Готовят среду по прописи примера 3 и среду ВСУЕАά согласно общеупотребимой прописи. Первая среда имеет темный цвет, другая -черный. Объемы сред в чашках Петри - 30 мл. Приготавливают односуточные культуры указанных штаммов легионелл, которые засевают на агаровые пластинки обоих сред по 0,1 мл взвеси клеток легионелл (по 4×109 м.к.), распределяют их по поверхности и подсушивают агар. Затем на агар накладывают диски с антибиотиками, чаще всего употребляемыми для лечения легионеллеза: рифампицин, офлоксацин, клиндамицин, эритромицин, доксициклин, моксифлоксацин, азитромицин, левофлоксацин и ципрофлоксацин (содержание антибиотика в диске 1-1,25 мкг). На каждую чашку выкладывают не более трех дисков. Посевы инкубируют в течение 48 ч при 35°C, первый учет проводят через 24 ч, замеряя зоны ингибиции роста культуры и сравнивают их диаметры на обоих средах. На вторые сутки данные показатели замеряют еще раз. Результаты сравнительного испытания в определении атибиотикочувствительности культур легионелл представлены в таблице 1.

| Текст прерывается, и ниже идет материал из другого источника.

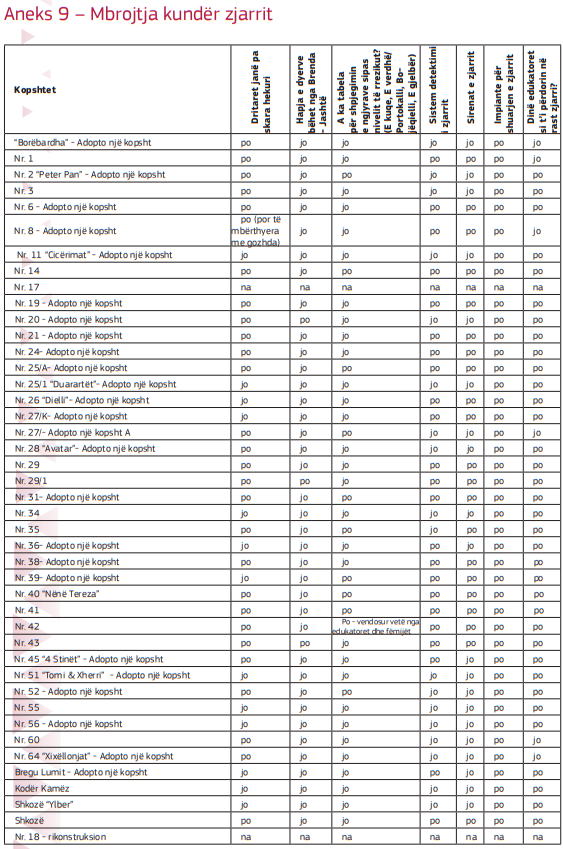 38 kopshte (nga të cilat 24 kopshte janë të nismës “Adopto një kopsht”) i kanë dyert që hapen në drejtimin “brenda – jashtë”, duke vështirësuar daljet sa më emergjente në situatë zjarri.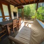 - Deck techado con parrilla, mesa, sillas y sillón de madera

Как видно из таблицы 1, зоны ингибиции роста газонов культур легионелл всех испытанных штаммов вокруг восьми дисков антибиотиков (рифампицин, офлоксацин, клиндамицин, эритромицин, моксициклин, левофлокасацин и ципрофлоксацин) на среде предложенной в 2-4 раза статистически достоверней (при среднем Хи-квадрате = 6,3) и превышают аналогичные зоны, полученные на контрольной среде BCYEAά, что объяснимо адсорбирующим действием активированного угля в последней. Небольшая зона ингибиции роста легионелл вокруг диска с доксициклином зависит от относительно слабой чувствительности легионелл к данному агенту, сопровождающейся полным отсутствием адсорбирующего эффекта. Таким образом, на предлагаемой среде чувствительность к антибиотикам легионелл выявляется более полно и точно, нежели на среде BCYEAά.

Пример 7

В данном примере представлены результаты сравнительного испытания среды, взятой в оптимальном составе (аналогично примеру 3), и среды BCYEAά для определения антибиотикочувствительности культур легионелл с помощью стрипов, содержащих градиент концентраций антибиотика - эритромицин и левофлоксацин (производство фирмы Оксоид, Е - тест). Культуры легионелл готовят, как указано в примере 6. Стрипы накладывют на засеянный газон культуры в количестве двух на чашку. Учет результатов проводят через сутки инкубации при 35°C, на другие сутки учет результатов повторяют. При наличии чувствительности культуры к испытуемому антибиотику вокруг стрипа образовывалась ракеткообразная зона ингибиции роста культуры легионелл, нижний край зоны ингибиции соответствовал МИК - минимальной ингибирующей концентрации. Результаты представлены в таблице 2.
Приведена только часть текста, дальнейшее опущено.